*** Begin section ***

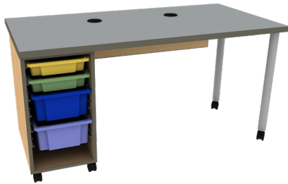
Toto Totes STD-C2454_-TOT-29 STD-C3054_-TOT-29 24"/30"D x 54"W x 29"H
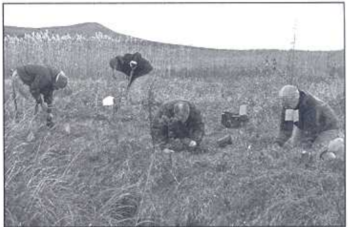
Planting along the creek

Do not expect to see sudden changes at the Mound, but over the next several years, you can expect to observe progress toward a more diverse prairie and an associated increase in butterflies and other species. Something to anticipate on your future visits!

*** End section ***

EXERCISE:
A word-for-word copy of the lines from the one with "Planting along the creek" through the end of the listing is what should be returned.

SOLUTION FOR THIS PROBLEM:
Planting along the creek

Do not expect to see sudden changes at the Mound, but over the next several years, you can expect to observe progress toward a more diverse prairie and an associated increase in butterflies and other species. Something to anticipate on your future visits!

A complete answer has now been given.